-- Data --
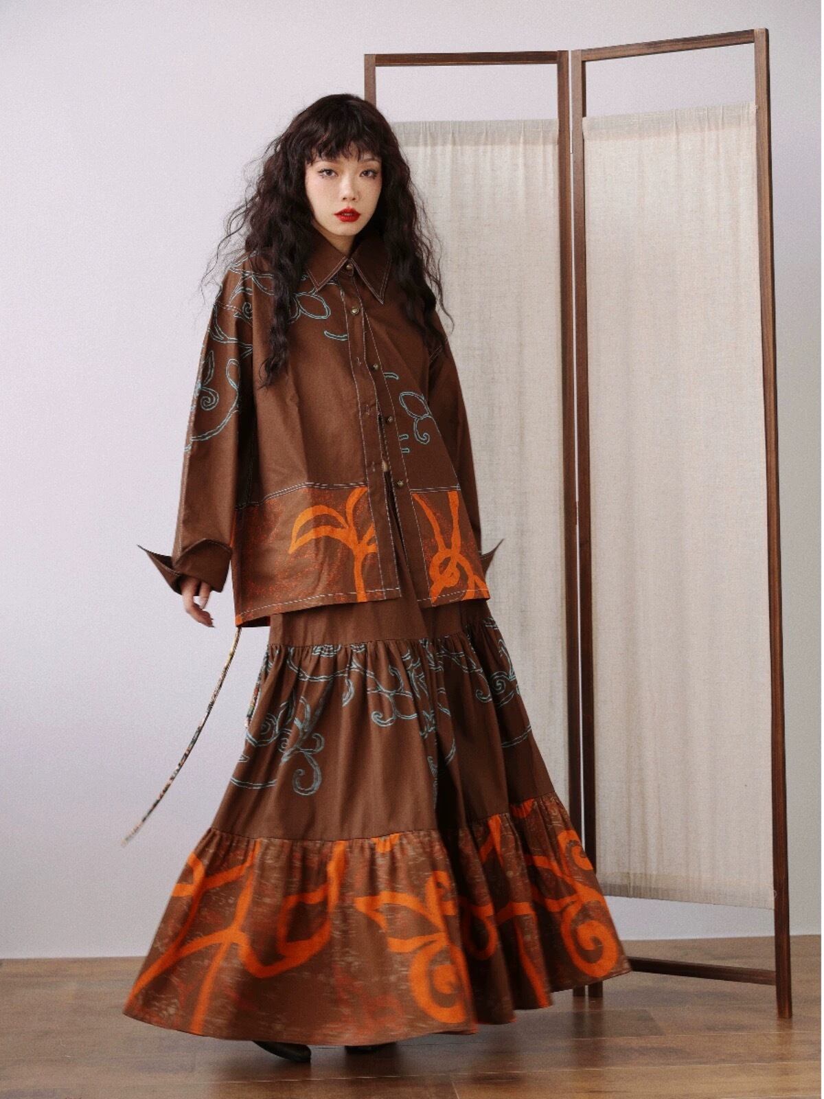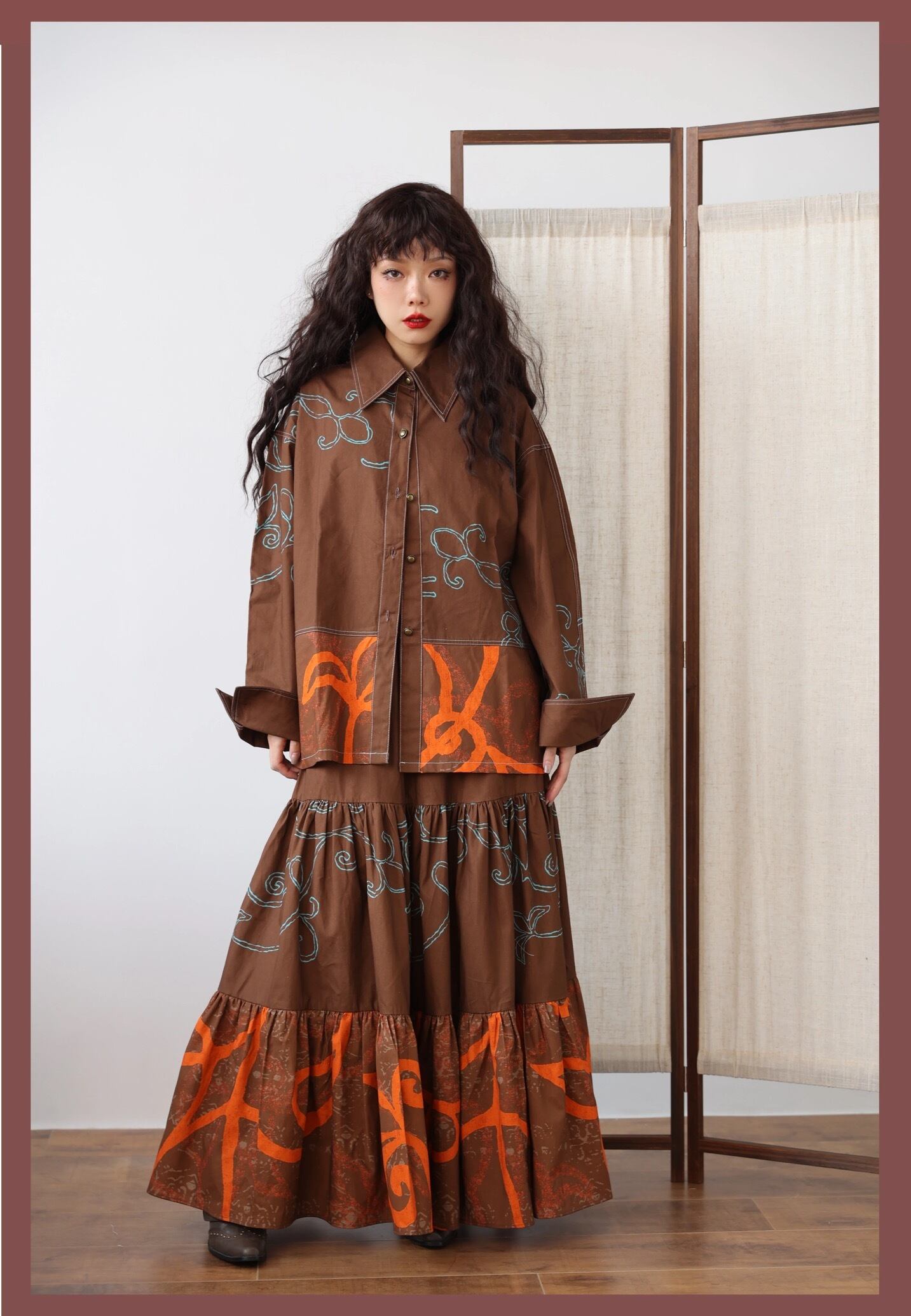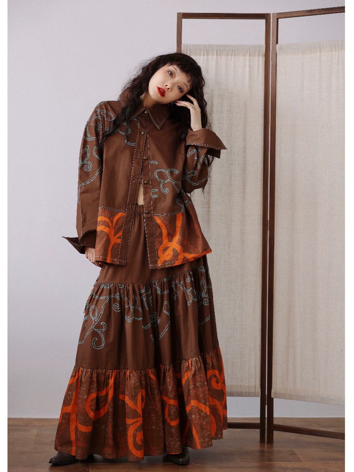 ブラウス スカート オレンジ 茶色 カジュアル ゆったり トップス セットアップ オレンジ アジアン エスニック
---
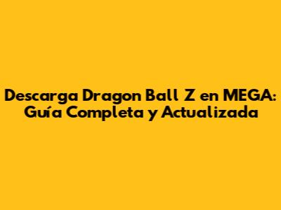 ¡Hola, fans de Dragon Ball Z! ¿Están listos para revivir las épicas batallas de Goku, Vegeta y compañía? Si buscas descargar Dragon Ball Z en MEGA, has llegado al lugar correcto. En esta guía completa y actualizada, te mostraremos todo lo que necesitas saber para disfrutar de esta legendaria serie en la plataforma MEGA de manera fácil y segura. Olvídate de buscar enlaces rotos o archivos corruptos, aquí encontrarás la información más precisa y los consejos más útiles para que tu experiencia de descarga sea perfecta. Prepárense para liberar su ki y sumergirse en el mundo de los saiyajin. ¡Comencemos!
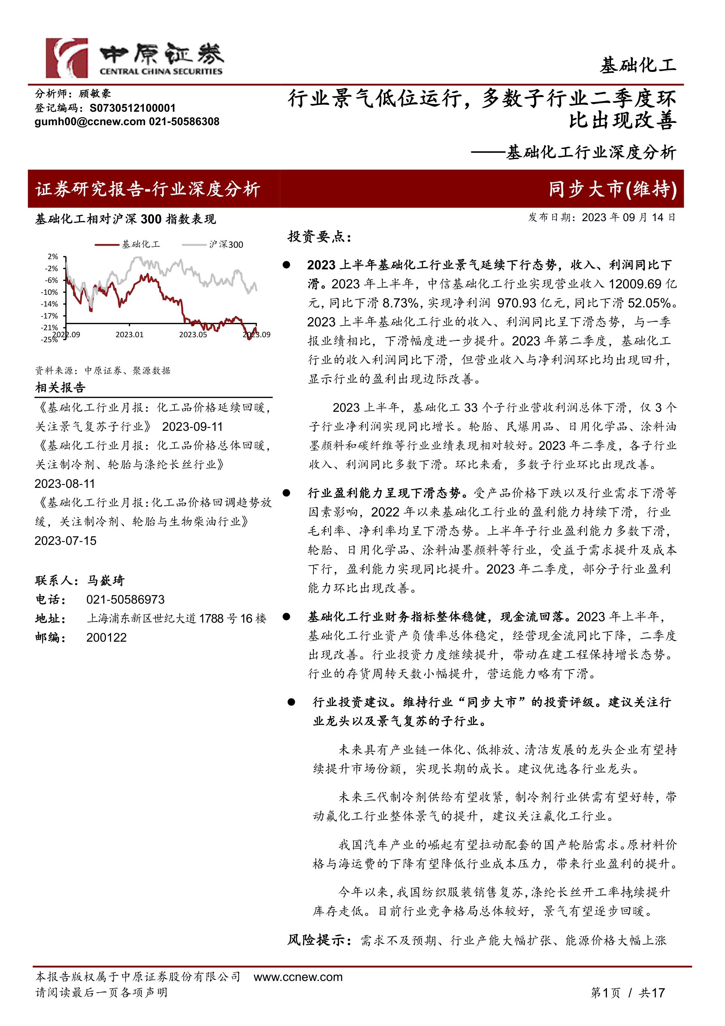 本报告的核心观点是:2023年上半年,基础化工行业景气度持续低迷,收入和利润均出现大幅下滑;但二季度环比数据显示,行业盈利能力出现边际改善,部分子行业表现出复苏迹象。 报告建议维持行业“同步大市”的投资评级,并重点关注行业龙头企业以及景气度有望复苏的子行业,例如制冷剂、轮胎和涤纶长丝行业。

-- What to work on --
Repeat, word for word, the lines of the material above from the one holding "los saiyajin. ¡Comencemos!" through the one holding "本报告的核心观点是:2023". Leave out pictures.

-- Task result --
 ¡Hola, fans de Dragon Ball Z! ¿Están listos para revivir las épicas batallas de Goku, Vegeta y compañía? Si buscas descargar Dragon Ball Z en MEGA, has llegado al lugar correcto. En esta guía completa y actualizada, te mostraremos todo lo que necesitas saber para disfrutar de esta legendaria serie en la plataforma MEGA de manera fácil y segura. Olvídate de buscar enlaces rotos o archivos corruptos, aquí encontrarás la información más precisa y los consejos más útiles para que tu experiencia de descarga sea perfecta. Prepárense para liberar su ki y sumergirse en el mundo de los saiyajin. ¡Comencemos!
 本报告的核心观点是:2023年上半年,基础化工行业景气度持续低迷,收入和利润均出现大幅下滑;但二季度环比数据显示,行业盈利能力出现边际改善,部分子行业表现出复苏迹象。 报告建议维持行业“同步大市”的投资评级,并重点关注行业龙头企业以及景气度有望复苏的子行业,例如制冷剂、轮胎和涤纶长丝行业。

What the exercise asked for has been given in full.